ÜRODİNAMİK ÇALIŞMALAR: Aşağıda sayılan üç çalışma ile saptanabilecek durumlara göz atarsak:

1-Akım hızı çalışması:

-Alt üriner sistem semptomları (zorlanma,ıkınma,zayıf akım)

-Op. Sonrası boşaltım sorunu

2-Sistometri (dolum ve işeme fazı):

-Detrüsor ( mesane adalesi) aşırı aktivitesi (overactivity)

-Detrüsor aşırı aktivite inkontinansı

-Ürodinamik stress inkontinansı

-Detrüsor yetersiz aktivitesi(underactivity)

-Mesane çıkım obstrüksüyonu

3- Üretral basınç değerlendirilmesi:

-Kaçırma anı basıncı (Leak Point Pressure).

Bu durumları ürodinami ile saptayabilmekle beraber genellikle konservatif ve tıbbi tedavi düşünülüyorsaki bir çok kez hikaye ve FM bulguları bunlar için yeterli bilgi verebilir, ürodinami yapmak gereksizdir.

Ancak şu durumlarda ürodinamik tetkikler gereklidir:

-Nöropatik mesane olasılığı

– İşeme güçlüğü (mesane çıkım tıkanıklığı olasılığı)

-Hikaye ve semptom uyumsuzluğu

-Cerrahi tedavi öncesi( detrüsor aşırı veya yetersiz aktivitesi, çıkım tıkanıklığı ve ağrılı mesane ekartasyonu)

-Konservatif ,farmakolojik ve cerrahi tedavi başarısızlıklarında.

GÖRÜNTÜLEME TEKNİKLERİ:

Üst üriner sistem görüntülemesi nörojenik idrar kaçırmalar dışında gerekli değildir.
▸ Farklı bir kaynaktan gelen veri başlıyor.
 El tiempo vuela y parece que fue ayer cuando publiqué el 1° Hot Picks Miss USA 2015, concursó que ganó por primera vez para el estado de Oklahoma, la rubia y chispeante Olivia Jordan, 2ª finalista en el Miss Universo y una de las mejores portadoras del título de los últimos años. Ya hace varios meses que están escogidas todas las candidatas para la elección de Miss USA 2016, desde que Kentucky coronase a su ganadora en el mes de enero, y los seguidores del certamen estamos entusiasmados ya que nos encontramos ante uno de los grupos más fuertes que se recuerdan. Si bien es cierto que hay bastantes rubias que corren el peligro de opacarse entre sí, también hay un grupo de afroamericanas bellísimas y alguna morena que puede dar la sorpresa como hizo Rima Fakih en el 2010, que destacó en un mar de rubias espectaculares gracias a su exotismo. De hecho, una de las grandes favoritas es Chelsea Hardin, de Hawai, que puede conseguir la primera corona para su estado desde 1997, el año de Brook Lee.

Görüntüleme endikasyonları:

-Nörojen İK. ,renal hasar riski

-Kronik retansiyonlu İK.(Taşma tipi idrar kaçırma)

-Üst üriner sistem anomalilerine bağlı ekstra üretral İK. Şüphesi.

İDRAR KAÇIRMA TEDAVİLERİ:

Sıkışma tipi idrar kaçırmada:

1- Mesane eğitimi ve egzersizler

2-Ağızdan alınan mesane gevşetici ilaçlar.
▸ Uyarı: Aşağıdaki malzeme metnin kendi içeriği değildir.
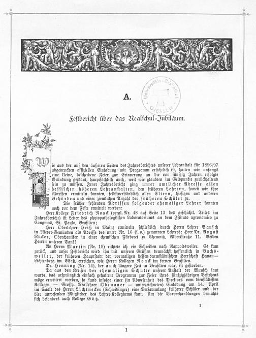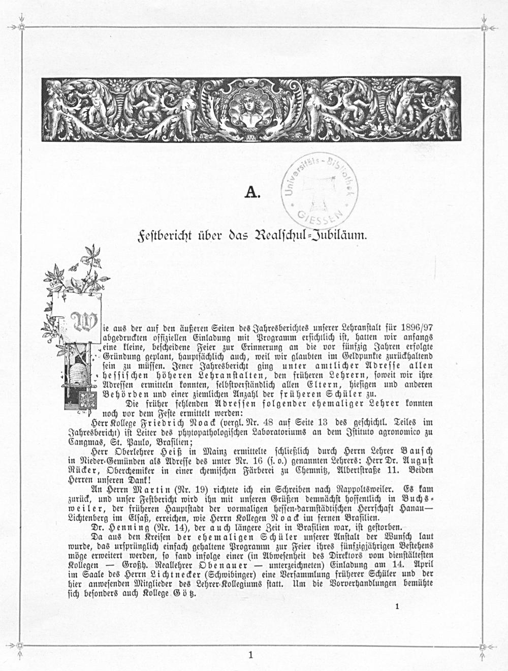 ie aus der auf den äußeren Seiten des Jahresberichtes unſerer Lehranſtalt für 1896/97 abgedruckten offiziellen Einladung mit Programm erſichtlich iſt, hatten wir anfangs eine kleine, beſcheidene Feier zur Erinnerung an die vor fünfzig Jahren erfolgte

3-Mesane içi uygulanan ilaçlar (botox vb.)

Stress Tipi idrar kaçırmada:

1-Hafif tiplerinde pelvik taban egzersizleri

2-orta ve ileri dercede ise üretraya uygulanan askı ameliyatları.

 

 

 


Sayfa içeriği sadece bilgilendirme amaçlıdır, tanı ve tedavi için mutlaka doktorunuza başvurunuz.